I think you just needed a reminder of the definition of $|$, but here are the ideas in a more spelled-out form than the comments had:
Showing $A_1\subseteq A_2$
For this part, we just have to show $\left(k∣bc+a \text{ and } k∣b\right)\Rightarrow k|a$, since the other condition for $A_2$, $k|b$, is included in the definition of $A_1$.
If $k∣bc+a$ and $k∣b$, then $(bc+a)/k$ and $b/k$ are integers, by the definition of "$|$". Multiplying the second of those by the integer $c$ tells us that $cb/k=bc/k$ is an integer, too.
But then $\frac{bc+a}k-\frac{bc}k=\frac{a}k$ is an integer because it's just a difference of integers.
Finally, $a/k$ being an integer means $k|a$, by definition.
Showing $A_2\subseteq A_1$
For this part, we just have to show $k|b\text{ and }k|a\Rightarrow k∣bc+a$, because $k|b$ is included in the defintion of $A_2$.

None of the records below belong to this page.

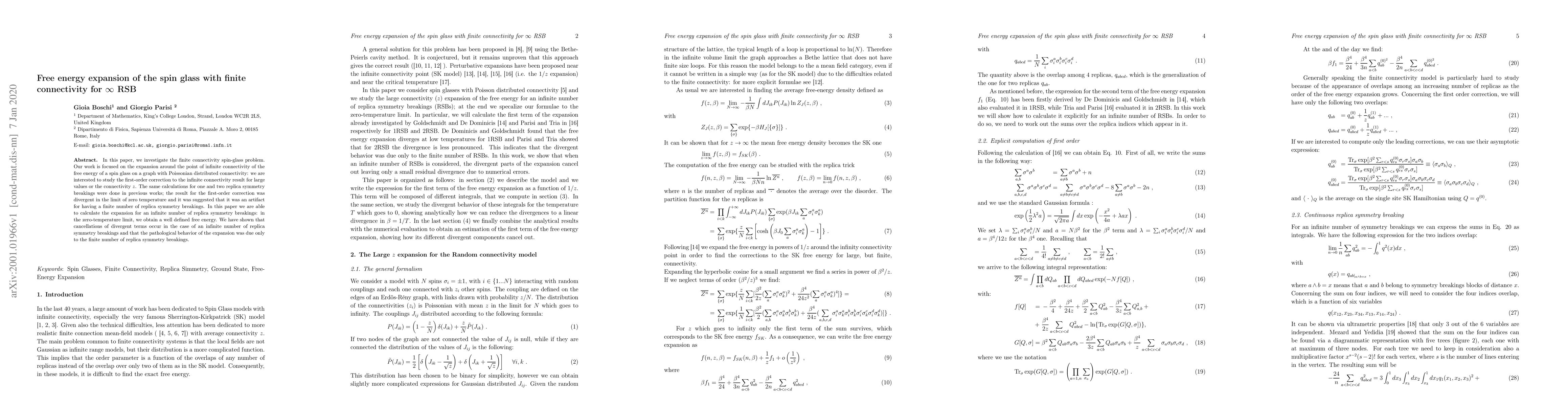 This paper explores the free energy expansion of a spin-glass model with finite connectivity, focusing on the first-order correction around infinite connectivity. It resolves previous divergent results by calculating the expansion for an infinite number of replica symmetry breakings, showing that the problematic behavior was due to a finite number of such breaks.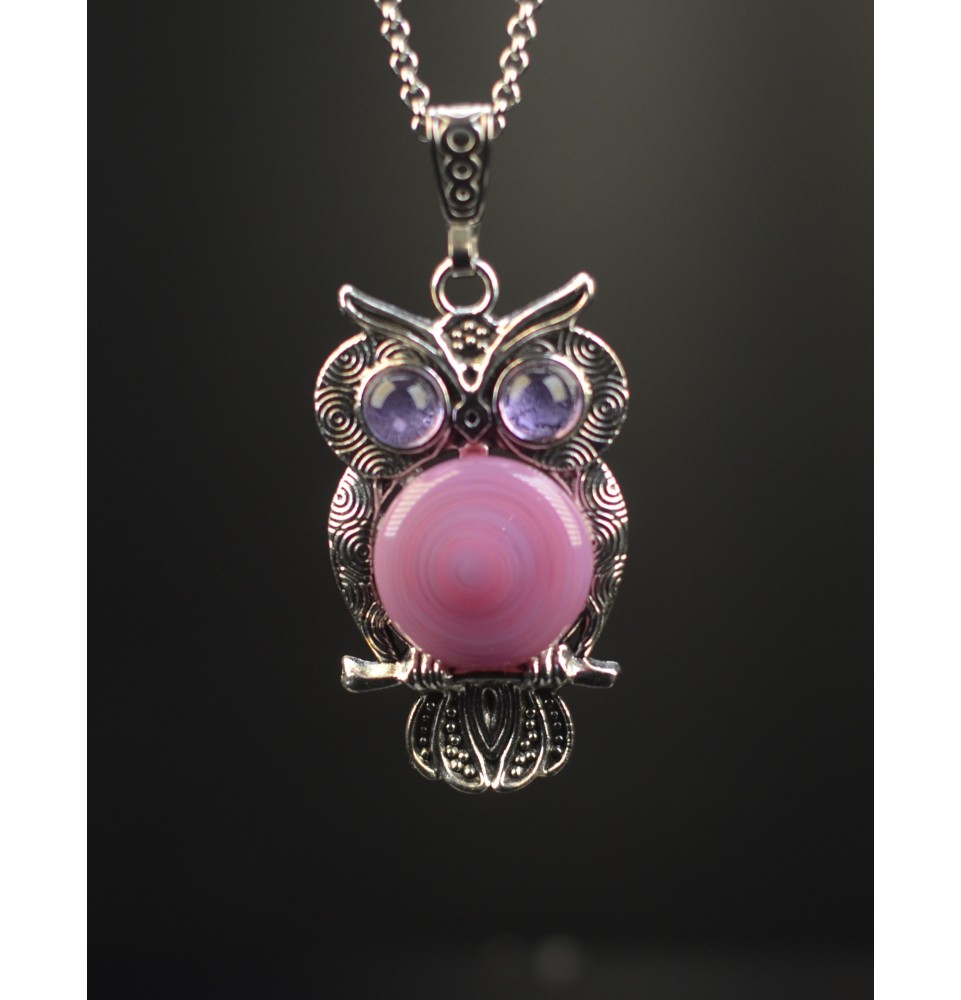 collier hibou 50+ 3 cm "violine rosé" perles de verre filé au chalumeau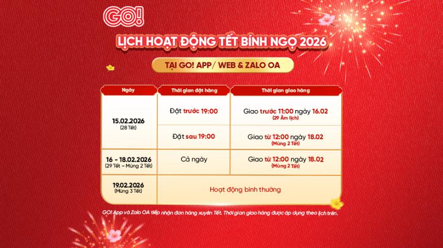 GO! thông báo lịch đặt hàng và giao hàng Tết 2026 khi mua sắm online trên GO! App, Website và Zalo OA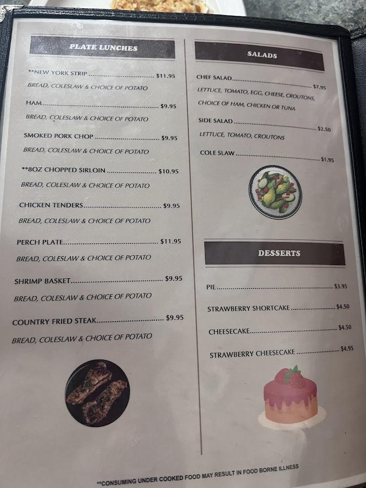 Lunch options include sandwiches, salads, and plate lunches. Favorites like chicken tenders and smoked pork chops are available, providing options for everyone. Desserts like pie and cheesecakes add a sweet ending to meals. The menu is broad, with something tempting for every preference.

If $k∣b$ and $k∣a$, then $b/k$ and $a/k$ are integers, so "$c$ times the first plus the second" is an integer, too. But that number is $(bc+a)/k$, so $k|(bc+a)$.
Conclusion
Since $A_1\subseteq A_2$ and $A_2\subseteq A_1$, $A_1=A_2$. (If you had an element in one set but not the other to contradict the equality, it would contradict one of the two subset statements, too.)